No Letter Grade: The Car Industry Breathes A Sigh Of Relief

May 23, 2011

According to a recent article in the Wall Street Journal, the Obama administration has abandoned the idea of using letter grades to reflect the fuel economy and greenhouse gas emissions of new cars. Instead, the administration is expected to announce a new, revised system that will take the place of the existing price and fuel economy stickers affixed to new vehicles.

Existing labels estimate the miles a car owner can expect to drive on a gallon of gasoline under ideal conditions. It allows consumers to make a more informed choice when comparing which new vehicle to purchase. Both the EPA and National Highway Traffic Safety Administration (NHTSA) want to improve the current system starting with the 2012 model year.

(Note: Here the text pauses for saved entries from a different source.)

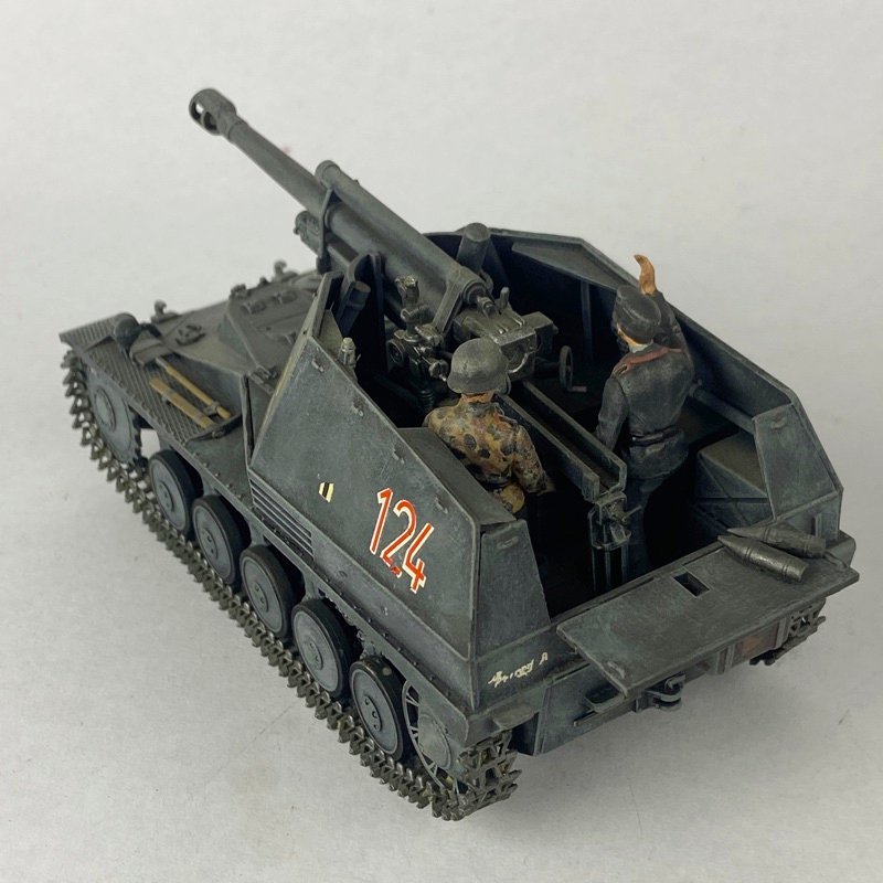 Miniatura a escala 1:35 del cañón autopropulsado alemán Sd.Kfz. 124 Wespe, correspondiente a la Segunda Guerra Mundial. Modelo representado en acabado color gris panzer, con numeración 124 y compartimento de combate abierto, característico de este vehículo de artillería ligera.
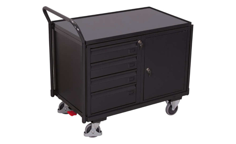 -Tischwagen mit Stahlschrank und Schubladenschrank Diese Tischwagen haben eine Traglast von 250 kg.
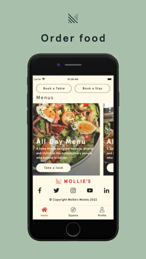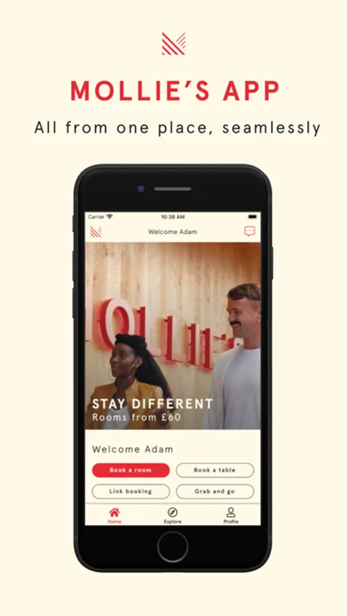 Download the Mollie’s App for an entirely digital experience. Book, see and manage your stay and Diner reservations anytime, check-in when it’s right for you and chat to our friendly team 24/7. EV drivers park up, plug in and press to start charging – conscience eased. Access your room with our digital key, control and cast all your favourite TV and Netflix whilst ordering food and checking out our staycation guides. Breakfast made easier, store your prepaid breakfast for you and the family in your Wallet and redeem in our Diner. All this from one place, seamlessly.

The auto industry was not happy with the proposed letter grade system. Vehicles would be assigned a letter—from A to D—based on fuel economy and emissions. However, it was expected that only electric cars and plug-in hybrids would get the highest grade. The auto industry felt the system would confuse consumers because they wouldn’t immediately understand why most cars would not receive an “A” rating. They also didn’t like the government making subjective value judgments about new vehicles.

A number of environmental groups had lobbied for the letter grades. The WSJ article quotes one as being disappointed with the Obama administration over the announcement to cancel the proposed letter grade system.

The Wall Street Journal article also stated that the Obama administration will announce details of the new sticker system this week. The system is expected to fulfill its objective to help consumers compare one vehicle’s gasoline costs and emissions to another.